Business Services Industry
Back from the brink - Savin Corp. bankruptcy reorganization
Chief Executive, The, Oct, 1994 by William R. Krehbiel
Cash flow is weak, foreign currency fluctuations are against you, your key customers are fleeing, and you fall into the abyss of Chapter 11. Seven stakeholder groups, from a Dutch lender to your Japanese supplier, are elbowing one another for a different outcome. Here's the plan...
What distinguishes businesses that survive crises from those that fail? Simply put: a recognition that the business environment has changed, and that the culture that worked for the growing company is likely to be a liability for the downsizing, troubled company. An organization in financial hot water must concentrate on profit and cash flow, not on growth or market share.
Savin Corp. learned this lesson the hard way. Deeply in debt and mired in a bankruptcy proceeding two years ago, the 30-year-old office copier and facsimile equipment company crafted and implemented a rigorous plan to get back in the black. The strategy focused on creating a survival culture; making money; retaining key people who could successfully engineer the Chapter 11 reorganization, and re-establishing credibility among customers and suppliers and international investors who did not understand the U.S. Bankruptcy Code.

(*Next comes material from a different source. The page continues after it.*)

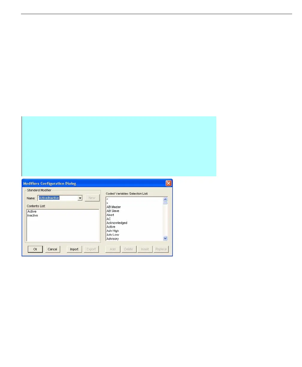 using the action buttons in the Modifiers Configuration dialog box.

The plan transformed Savin from a company with $400 million in accumulated deficit and a negative $200 million equity into a healthy organization that closed 1993 with a $25 million positive shareholder's equity. Examining what worked and why may prove instructive to the tens of thousands of U.S. companies that run the bankruptcy gauntlet each year.
SURVIVAL CULTURE
Savin management first turned its attention to the company's culture, a root cause of many of its difficulties. Savin's problems began in the early 1980s. Over the next decade, the company was redirected every few years by three successive owners. The majority owners consistently focused on market-leadership strategies, often with substantial up-front launch costs. As a result, profitability suffered. By the end of 1991, Savin's board could no longer believe that its current majority owner, the Dutch firm HCS Technologies, would arrest the company's financial slide. After an interviewing process with 10 crisis-management firms, Savin's board of directors appointed Regent Pacific Management as the company's general manager on February 21, 1992. Simultaneously, the board accepted the resignations of both the chief executive and chief operating officer, appointing me as the new CEO. The situation was acknowledged by industry observers and the board to be a crisis of both cash and confidence, since the stakeholders alleged that the succession of management at Savin had destroyed the company's credibility.

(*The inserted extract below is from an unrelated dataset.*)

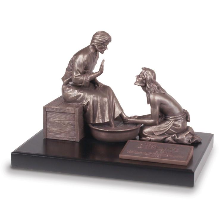 Extra large tabletop sculpture of the Humble Servant, Jesus Christ, washing the feet of one of his disciples. A visual representation of the lesson Jesus taught in John’s gospel 13.
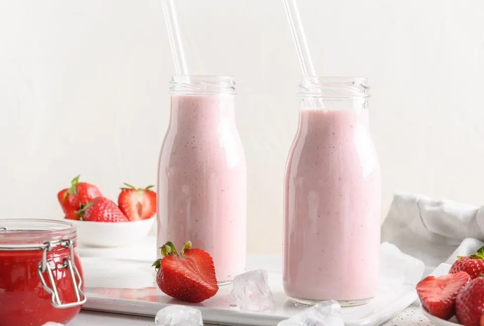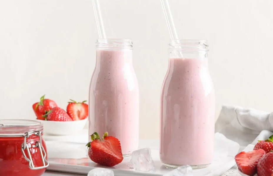 Fruchtiges Joghurtgetränk mit Erdbeergeschmack.

A crisis situation such as Savin's demands a survival culture. Savin didn't need people who were good at building a business and who knew how to launch new products into new markets, to "tool up" new production facilities, to attract bright people with a "ground-floor" opportunity and lavish stock options, to divisionalize for each growing product line, and to raise money through debt or equity offerings. It needed people who could pragmatically assess the success or failure of product lines, distribution channels, and plant efficiencies. Marginal products must be phased out, marginal plants must be closed, and marginal distribution must be dropped. Cash is king in this culture.

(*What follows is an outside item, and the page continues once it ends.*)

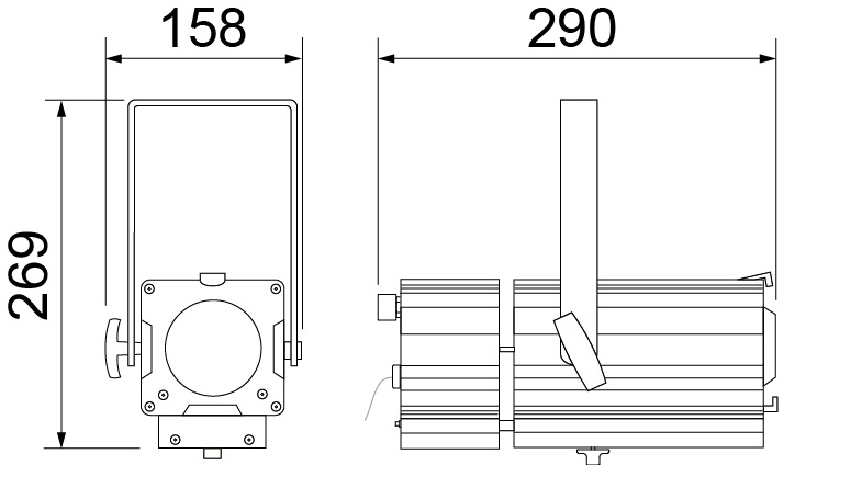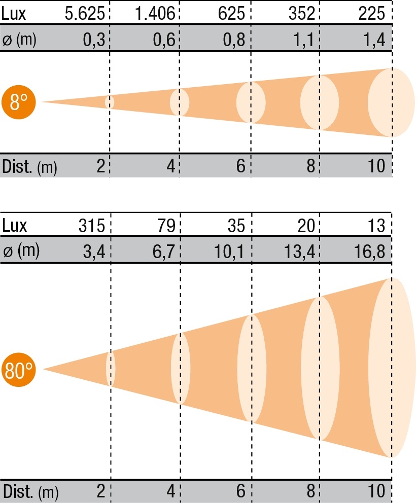 50W white LED Plano Convex spotlight, suitable for the most comprehensive uses. Adjustable beam from 8° to 80°. Source: LED warm White 3000K, Power: 50W, Control: DMX-RDM, Manuale, CRI: >90, Connectors: Cable without plug

Savin had to retain key, overworked people without rising options on a stock that already was viewed as marginal. These executives had to generate cash through good management decisions to pay their own bonuses. Savin's management had to operate with a dry well, as its former debt-and-equity capital sources dried up. The culture restructuring was not an easy task, especially since Savin's former culture trader three majority owners during the 1980s focused on growth. Some people who refused to accept the downsizing culture as essential for the enterprise's survival had to be replaced.
TACTICAL MISTAKES
Once the only company that threatened Xerox in the U.S. plain-paper copier industry, Savin committed a series of mistakes in 1981 that contributed to the crisis that boiled over in 1992. Savin rashly told Ricoh, its supplier of copier equipment, that it intended to manufacture its own copiers and soon would directly compete with Ricoh throughout the world. After pouring over $250 million into a four-year manufacturing program, Savin gave up in 1985 and returned, hat-in-hand, to Ricoh, which had lost faith in Savin's judgment.
As Savin struggled to overcome the cash drain, its majority stakeholder, HCS Technologies, in 1991 took on several large institutional and governmental copier contracts, many of which turned out to be money losers.
The final mistake was made by Savin incrementally, over all the preceding managements' tenures. To raise cash, Savin sold portions of its lease and rental portfolios to third-party lessors. In 1990, a privately owned, third-party lessor in Minneapolis sued Savin for failing to live up to their contract agreement. Two years later, a unit of the ING Bank of Holland filed suit against Savin with similar allegations of non-performance.